Но и Она уплывает, и вновь посещают бестревожные, долгие сны.

Ты не бойся, что темно.

Слушай, я тебе открою, –

Все невинно, все смешно,

Все божественной игрою

Рождено и суждено.

. . . . . . . . . . . . . . .

Вспомни, как тебя блаженно

Забавляли в жизни сны.

Все живое – неизменно,

Нет спасенья, нет вины,

Все легко и все забвенно…

Новая «земля обетованная». Поверить, пойти к ней, значит – отречься от «Харрана, где дожил до долгих седин, и от Ура, где детские годы текли». Нет. Как поверить? – Никто не верит. И мудрец опять мечтательно закрывает глаза, не требуя, не унижаясь, только из века в век, изо дня в день повторяя: «Приди ко Мне. Люби меня». Монотонно, как капля воды, долбящая камень, прекрасно, как сама природа. И мы спрашиваем из века в век, изо дня в день, не здесь ли чудо, которое, говорят, всегда рядом с нами. Но и мы не получаем ответа и, верно, не получим его. Мудрецу снится мир, мы видим его сны. Другие и этих снов не видят. Так давно, так всегда.

Есть в книге Сологуба стихотворение, которое может стать «классическим», как роман «Мелкий бес». Это стихотворение – «Нюренбергский палач». Классические произведения – это те, которые входят в хрестоматии и которые люди должны долгое время перечитывать, если они хотят, чтобы их не сочли необразованными. Правда, перечитывать такие произведения бывает иногда немного страшно: если взять сейчас в руки «Фауста», или «Онегина», или «Мертвые души», станет не по себе: древние воспоминания посещают. Может быть, поколения, следующие за нами, испытают то же, перечитывая «Нюренбергского палача».

Иннокентий Анненский. О современном лиризме*

<…> Федор Сологуб – петербуржец.

На последней из известных мне книг его стихов написано, что она 8-я (издана в 1908 г., 202 с. Москва, Изд-во «Золотое Руно»).

Две вещи наиболее чужды поэзии Сологуба, насколько я успел ее изучить.

Во-первых, непосредственность (хотя где же они и вообще у нас, Франсисы Жаммы? уж не лукавый ли Блок?).

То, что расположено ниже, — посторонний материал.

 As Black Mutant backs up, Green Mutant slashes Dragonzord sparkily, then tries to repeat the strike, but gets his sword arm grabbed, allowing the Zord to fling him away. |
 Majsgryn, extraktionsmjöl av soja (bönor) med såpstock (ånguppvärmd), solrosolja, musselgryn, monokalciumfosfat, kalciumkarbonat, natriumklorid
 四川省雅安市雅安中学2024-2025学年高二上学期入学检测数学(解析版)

Во-вторых, неуменье или нежеланье стоять вне своих стихов. В этом отношении это разительный контраст с Валерием Брюсовым, который не умеет – и не знаю, хочет ли когда, – оставаться внутри своих стихов, а также с Вячеславом Ивановым, который даже будто кичится тем, что умеет уходить от своих созданий на какое хочет расстояние. (Найдите, например, попробуйте, Вячеслава Иванова в «Тантале». Нет, и не ищите лучше, он там и не бывал никогда.)

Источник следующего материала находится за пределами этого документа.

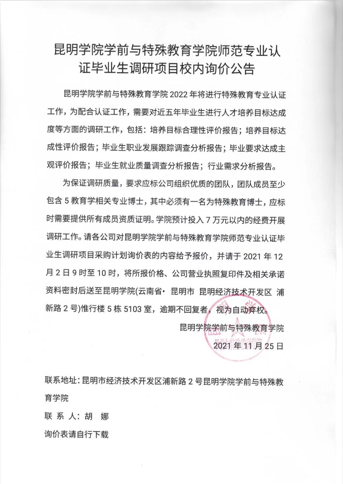 昆明学院学前与特殊教育学院师范专业认证毕业生调研项目校内询价公告
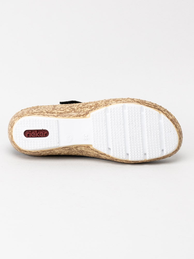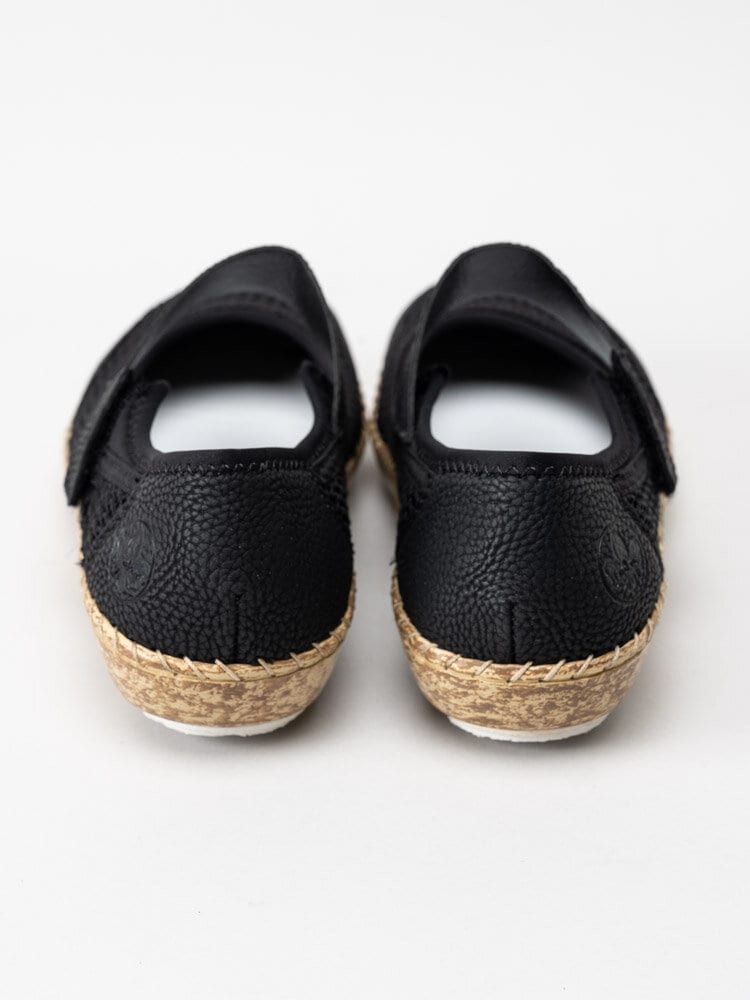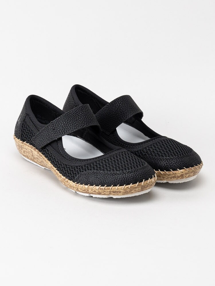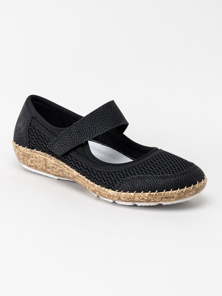 Svarta ballerinaskor från Rieker i textil. Sköna ballerinaskor i textil med detaljer i i syntet för att få stabilitet och en snygg look. Slejf med kardborreband som enkelt justeras efter din fot. Textilfodrade och med ljus innersula i skinn för en skön komfort. Tråcklad söm längs sulkant. Brun mellansula med vit slitsula i syntet. Bekväm och lätt sko både för inomhus bruk nu eller till sommaren.
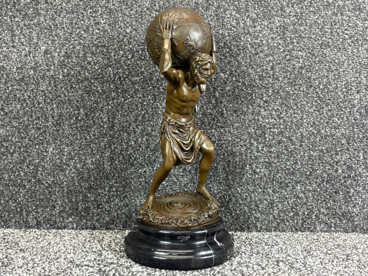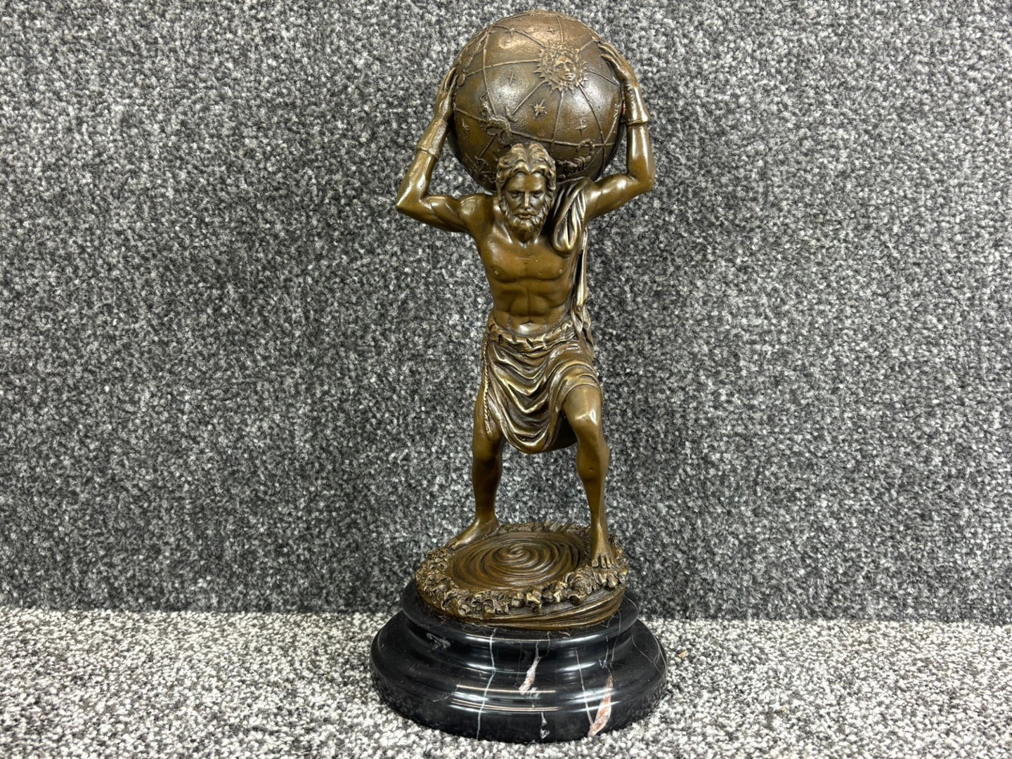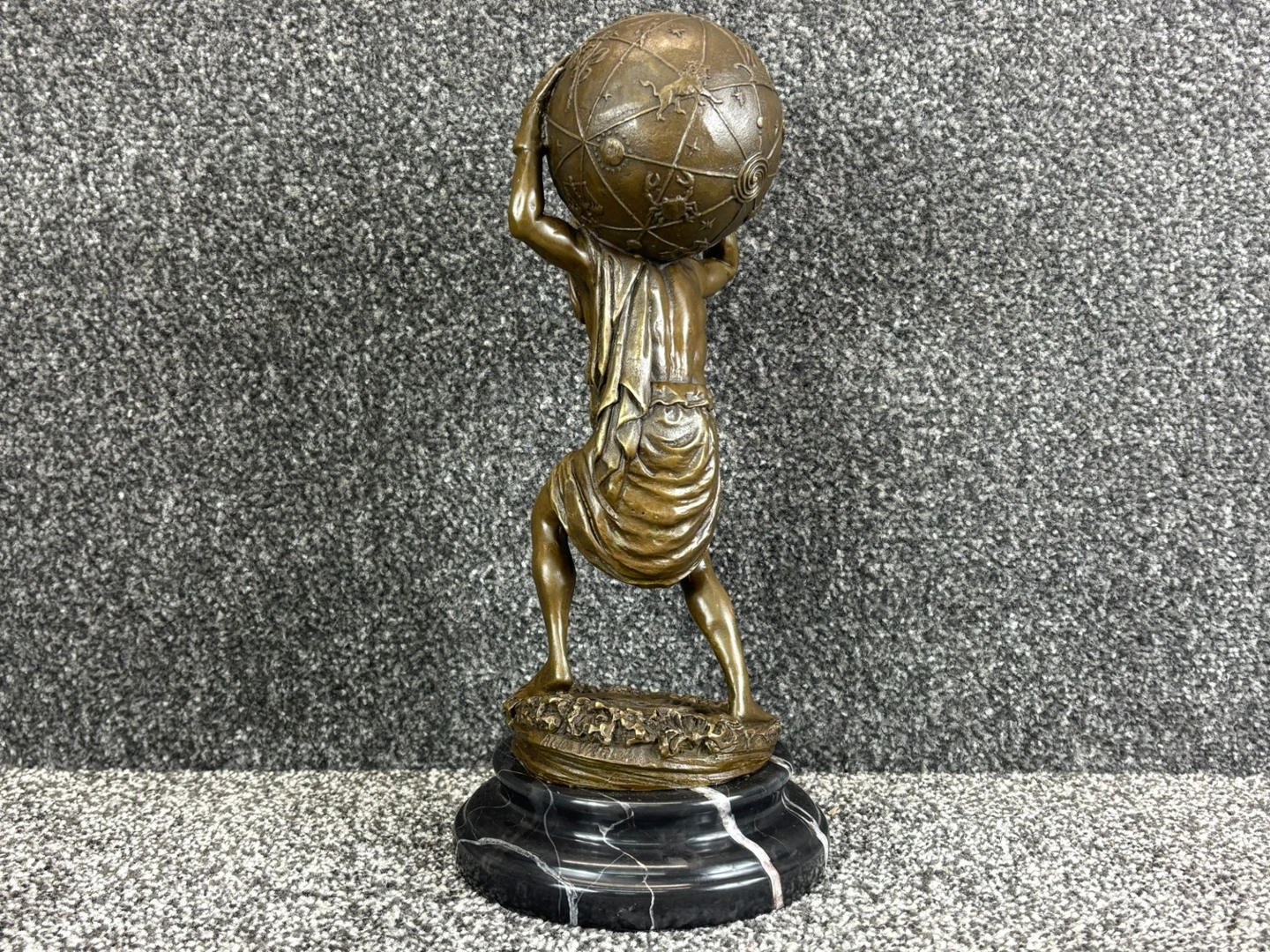 A bronze sculpture of the Titan Atlas on a black base. Approx 32cm height, 14cm width, 14cm depth.

Сологуб, как это ни странно, для меня лучше всего характеризуется именно объединенностью этих двух отрицательно формулированных свойств.

Как поэт, он может дышать только в своей атмосфере, но самые стихи его кристаллизуются сами, он их не строит.

Вот пример:

Мы – плененные звери,

Голосим, как умеем.

Глухо заперты двери,

Мы открыть их не смеем.

Если сердце преданиям верно,

Утешаяся лаем, мы лаем.

Что в зверинце зловонно и скверно,

Мы забыли давно, мы не знаем.

К повторениям сердце привычно, –

Однозвучно и скучно кукуем.

Все в зверинце безлично, обычно.

Мы о воле давно не тоскуем.

Мы – плененные звери,

Голосим, как умеем.

Глухо заперты двери,

Мы открыть их не смеем.

Прежде всего – слышите ли вы, видите ли вы, как я вижу и слышу, что мелькнуло, что смутно пропело в душе поэта, когда он впервые почувствовал возможность основной строфы этой пьесы?

Первой обозначившейся строчкой была третья в напечатанном стихотворении:

– Глухо заперты двери.

Вы узнаете ее, конечно?..

. . . . . . . . . . . . . . .

. . . . . . . . . . . . . . .

Тихо запер я двери –

Ведь это была тоже третья строчка в стихотворении Пушкина «Пью за здравие Мэри».

Данная пьеска Корнуэлла, и по имени Мэри, и по эпохе пушкинского вдохновения (1830), нераздельно сочетается для нас, и для Сологуба тоже, конечно, – с «Пиром во время чумы» Уильсона-Пушкина. Я не говорю уже о том, что самый «Пир» теперь для читателя невольно приобретает именно сологубовский колорит.

Контрасты Пушкина сгладились, мы их больше не чувствуем – что же делать? Осталось нечто грубо хохочущее, нечто по-своему добродушно-застращивающее, осталась какая-то кладбищенская веселость, только совсем новая, отнюдь более не-Шекспировская форма юмора.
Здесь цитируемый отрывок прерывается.